The analysis step processes skimmed events to compute observables and fill histograms. This is where the physics analysis happens, applying selections and calculating analysis variables.

**Backend Architecture** (`analysis/nondiff.py`):
- **Analysis Classes**: Modular analysis implementations -- allows for an alternative version of the analysis with same setup (e.g. differentiable)
- **Observable Computing**: Calculates physics quantities from event data
- **Histogram Management**: Uses `Hist` for histogram operations
- **Systematic Variations**: Computes systematic uncertainty variations as alternative histograms

In [None]:
# Import the analysis class for non-differential analysis
from analysis.nondiff import NonDiffAnalysis

# Initialize the analysis object with configuration, processed datasets, and output manager
# This analysis object will handle histogram creation, observable computation, and systematic variations
nondiff_analysis = NonDiffAnalysis(validated_config, processed_datasets, output_manager)

print(f"🔬 Analysis initialized for {len(nondiff_analysis.processed_datasets)} datasets")

# Loop over each dataset and its associated event data
for dataset_name, events_list in nondiff_analysis.processed_datasets.items():
    print(f"📊 Processing dataset: {dataset_name}")
    # Each dataset contains a list of (events, metadata) tuples
    # In most cases, this will be a single tuple per dataset after event merging
    for events, metadata in events_list:
        print(f"   • Processing {len(events)} events with metadata: {metadata['process']}")

        # Process the events through the analysis pipeline:
        # - Apply channel-specific selections
        # - Compute observables (physics variables like mtt, pT, etc.)
        # - Fill histograms for each channel and systematic variation
        # - Apply corrections and systematic uncertainties
        nondiff_analysis.process(events, metadata)

print(f"📈 Generated histograms for channels: {[ch.name for ch in validated_config.channels]}")

# 7. Statistical Analysis

The statistical analysis step performs fits and extracts physics results from the histograms.

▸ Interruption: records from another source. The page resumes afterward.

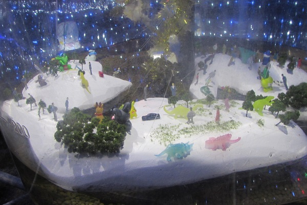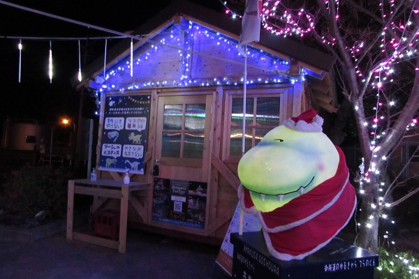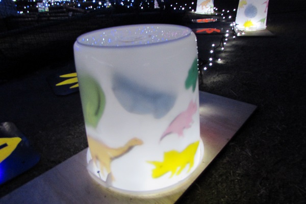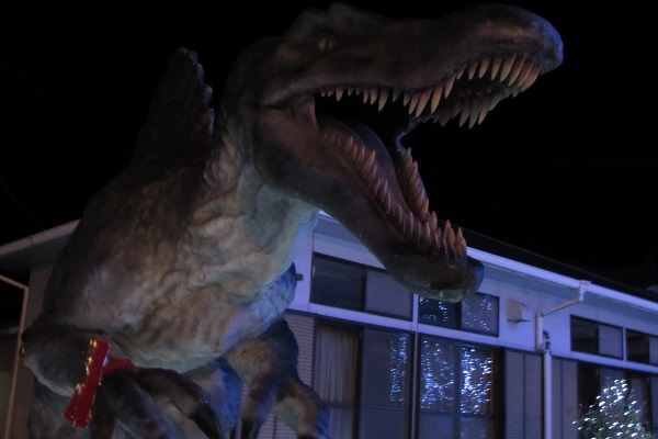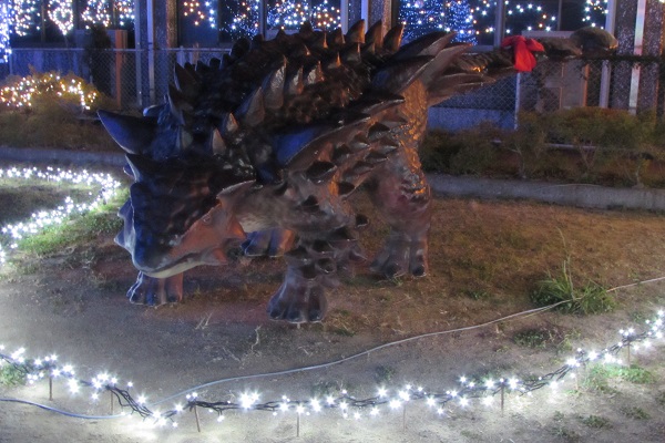 ▼イルミネーションと恐竜‼しっぽの赤いリボンがなんとも・・・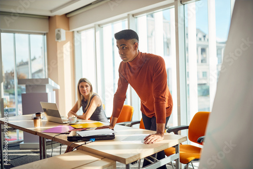 Young male lecturer giving a business lecture in a conference room. Business, people, company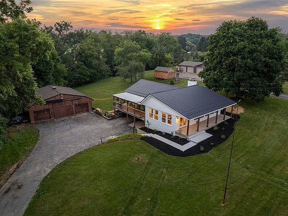 Welcome to 215 Moody Rd! This stunning 3-bedroom, 3-bathroom home sits on an acre and offers plenty to enjoy. Inside, vaulted ceilings in the formal dining area lead to a spacious side porch—perfect for sunsets or entertaining. The open-concept kitchen, ideal for the cook in the family, boasts ample storage and counter space. A bright bonus flex space offers versatility as an extra bedroom, play area, or home office. Rounding out the first floor is an additional bathroom, and two well-sized bedrooms, including a large primary with en-suite bathroom and walk-in closet. Downstairs, you'll find loads of additional living space, including a finished game room, wet bar, an additional bedroom, and full bathroom. The property also includes an integral 2 car garage, large driveway, and huge barn teeming with possibilities. With too many updates to list, a great location, and the definition of move-in-ready you, don't miss the opportunity to make this home yours!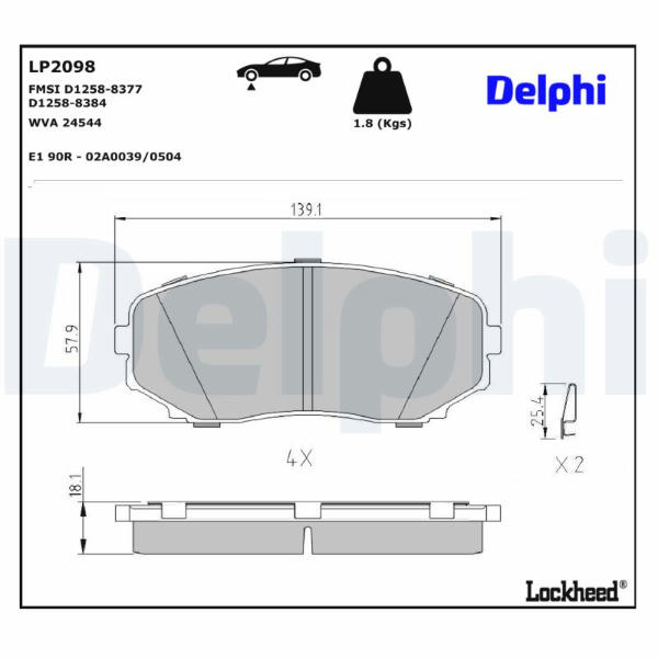 Sada brzdových destiček, kotoučová brzda DELPHI LP2098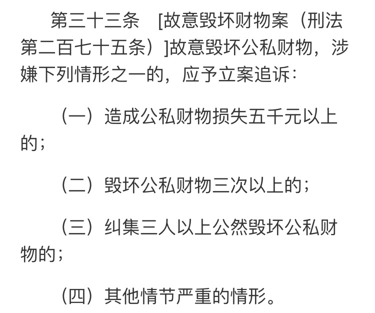 公安机关管辖的刑事案件立案追诉标准的规定(一)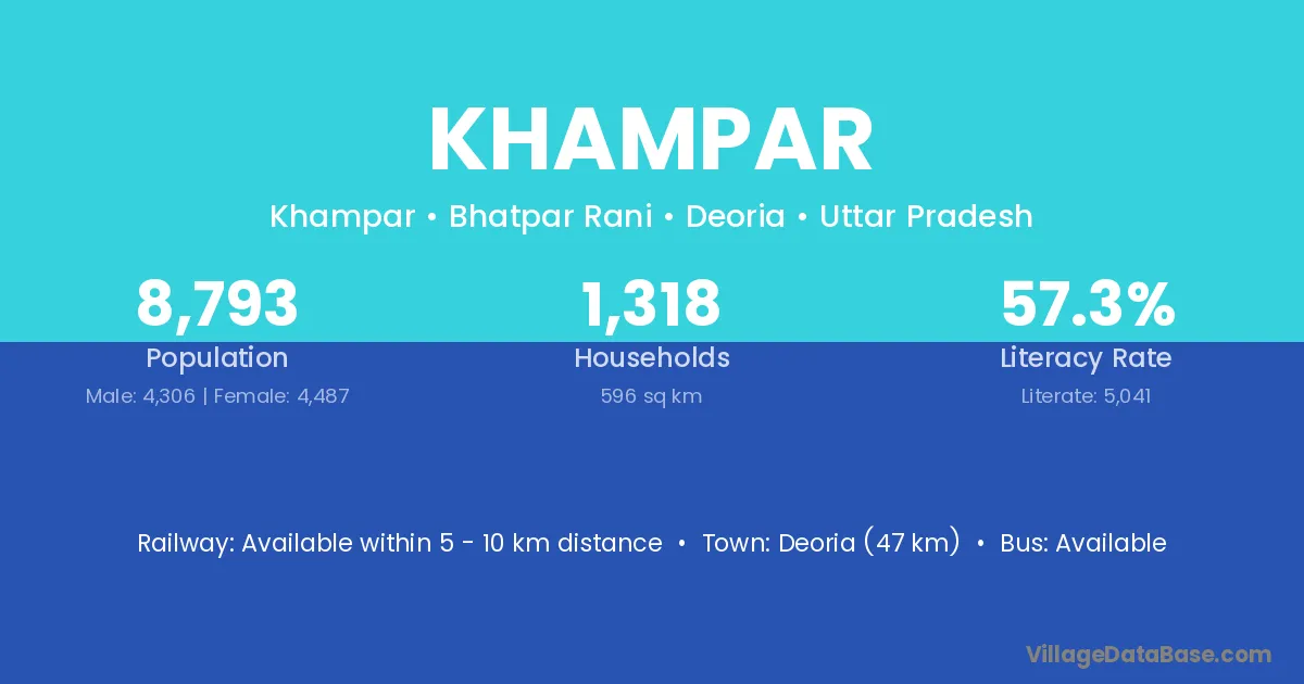 Deoria (47 km) is the nearest town to Khampar village for major economic activities and is located approximately 47 km away.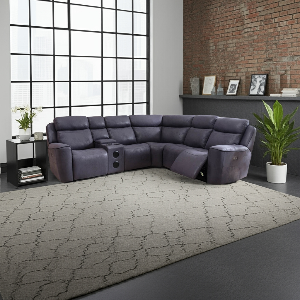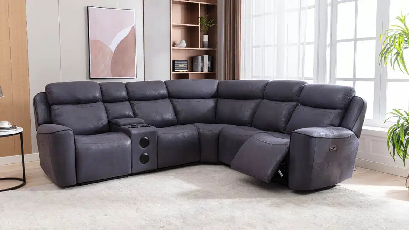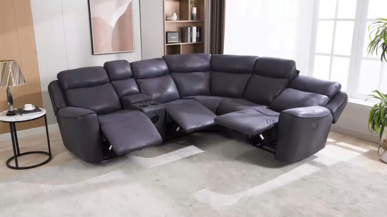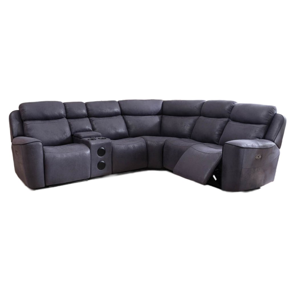 The Techno Corner Sofa with 3 Power Recliners – Grey elevates lounging with its blend of sumptuous styling and innovative features. Wrapped in soft, durable gilded luxury leather-look fabric, it offers three individually powered recline seats so every guest can tailor their comfort. Integrated cooling cup holders, Bluetooth speakers, and a wireless charging pad put entertainment and convenience at your fingertips, while touch LED reading lights and USB charging ports round out its high-tech appeal.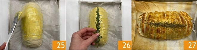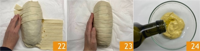 Überlappen Sie die Fransen der rechten Seite leicht, indem Sie sie überkreuzen 22. Formen Sie den Braten in der Kruste mit den Händen, um ihm eine möglichst regelmäßige Form zu geben 23, und legen Sie ihn auf ein Backblech. In einer kleinen Schüssel mischen Sie den Senf mit etwas Olivenöl 24.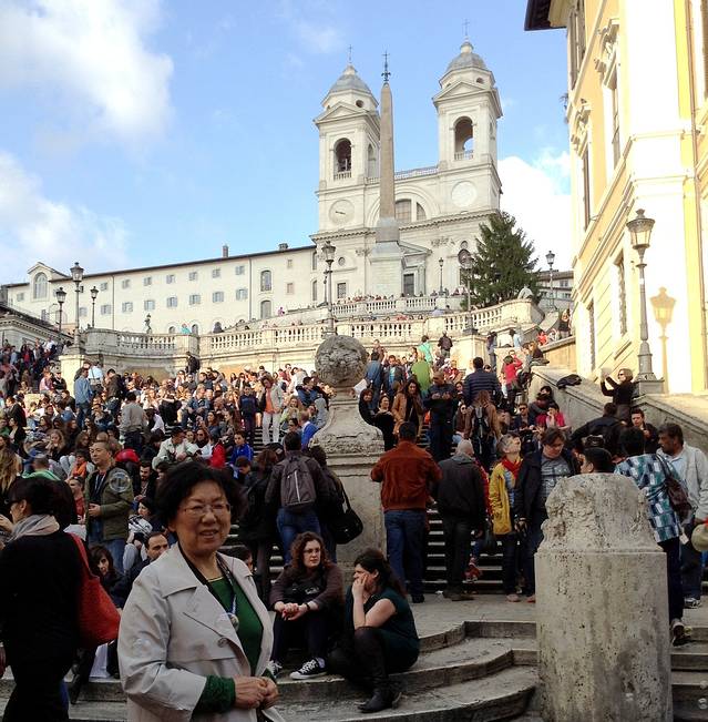 下一个景点——西班牙台阶,真正的走马观花,一级也没上,只是在台阶下走过路过看过而已。西班牙台阶是联接西班牙广场 的一座户外阶梯,花瓶型,138级,长与宽都居于全欧洲 之首,和许愿池一样,也因为曾是电影《罗马假日》 外景地而闻名遐迩。17:40-17:50,只有10来分钟,大家就站在台阶下傻傻地往上看,看台阶上面衬着蓝天浴着阳光的圣三一教堂的尖顶,看层层台阶上坐得满满、神情丰富的各国游客,想象着《罗马假日》 中的男女主人公在台阶上吃着冰激凌谈情说爱的浪漫情景,然后,不管三七二十一,啪啪啪啪照几张相,拜拜。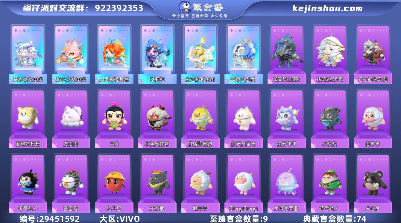 【dan585】VIVO账号 至臻皮肤数量:9 典藏皮肤数量:74 账号类型:手机账号 换绑冷却:无冷却 网易支付状态:未注册 热门装扮:美羊羊 小灰灰 星云咩咩 机械师维迪 航天员莱卡 失心熊 水母尤莱亚 仓鼠米仔 DongDong 红小豆 灰太狼 懒羊羊 吾皇猫 淘气丸子 狗蛋阿甜 焰心龙女芙瑞 人鱼歌姬赛然 太空船长贝贝 蔷薇白皇后 鲨莉娃 饶舌诗人 大娃 破誓骑士凯恩 精灵法师月歌 发美美 石心船长苏勒 面包狗松松 小演员露希 曙光龙女芙瑞 载具装扮:星河弹弹车 翅膀:流光龙翼 月白之隐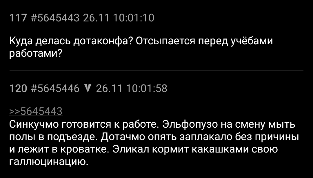 Такие люди как Дилд существуют только когда на них обращают внимание. Без чужого взгляда они рассыпаются. Тут хорошая площадка, чтобы фармить себе подпитку, т.к. посетители раздела психически нестабильны и часто не могут просто игнорировать.
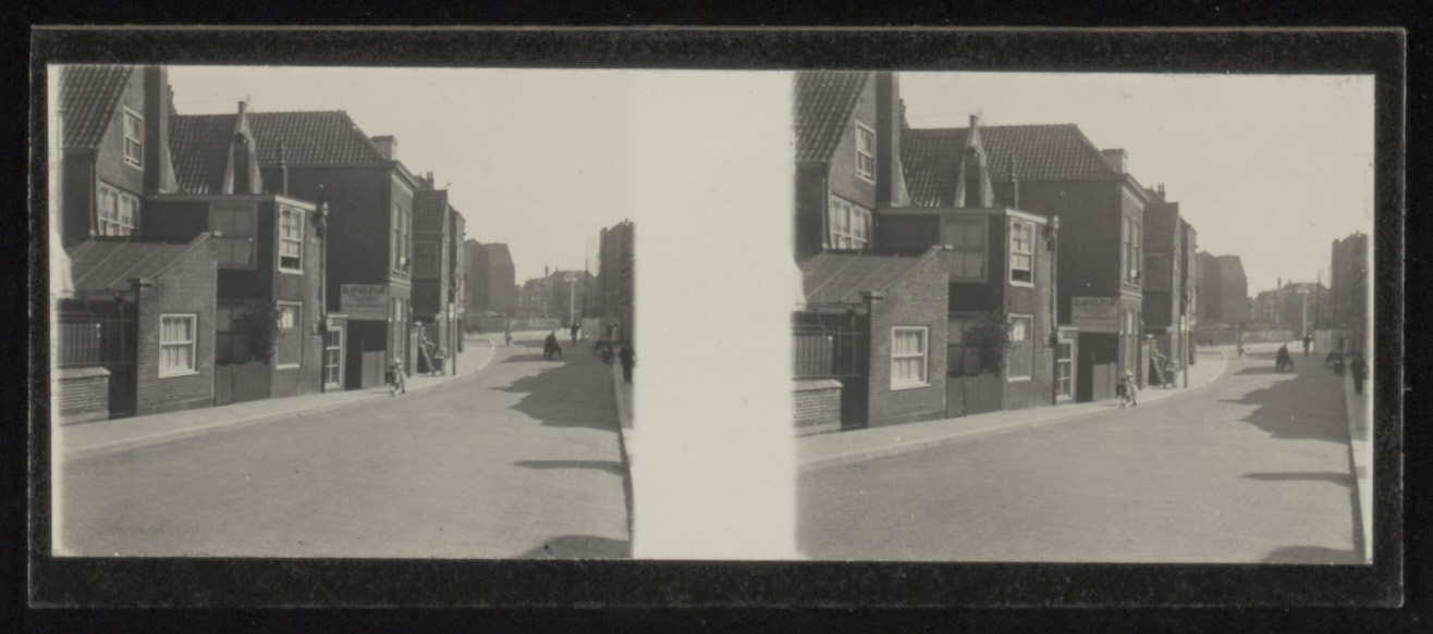 - Stereofoto van Elfhuizen richting Bagijnestraat (vóór de aanleg van het Bethlehemplein).

This uses the `cabinetry` for statistical modeling and fitting.

**Backend Integration** (`analysis/nondiff.py` + `cabinetry`):
- **Cabinetry Integration**: Incomplete, currently expects a pre-made `cabinetry` config
- **Workspace Creation**: Builds `pyhf` workspace
- **Profile Likelihood**: Performs maximum likelihood fits
- **Visualization**: Currently relying on `cabinetry`'s defaults, but will be made more flexible

**Note: the following fit is performed with the full CMS open-data dataset, not the small example here** 

In [None]:
import cabinetry
cabinetry_config = cabinetry.configuration.load(
    validated_config.statistics.cabinetry_config
)
data, fit_results, pre_fit_predictions, postfit_predictions = (
    nondiff_analysis.run_fit(cabinetry_config=cabinetry_config)
)
cabinetry.visualize.data_mc(
    pre_fit_predictions,
    data,
    close_figure=False,
    config=cabinetry_config,
    figure_folder=nondiff_analysis.output_manager.get_statistics_dir(),

)
cabinetry.visualize.data_mc(
    postfit_predictions,
    data,
    close_figure=False,
    config=cabinetry_config,
    figure_folder=nondiff_analysis.output_manager.get_statistics_dir(),
)
cabinetry.visualize.pulls(fit_results, close_figure=False, figure_folder=nondiff_analysis.output_manager.get_statistics_dir(),)

## 8. Full Workflow

The complete analysis can be executed with a single command that orchestrates all steps from a steering script. The `analysis.py` script in repository provides the main entry point and handles the workflow coordination.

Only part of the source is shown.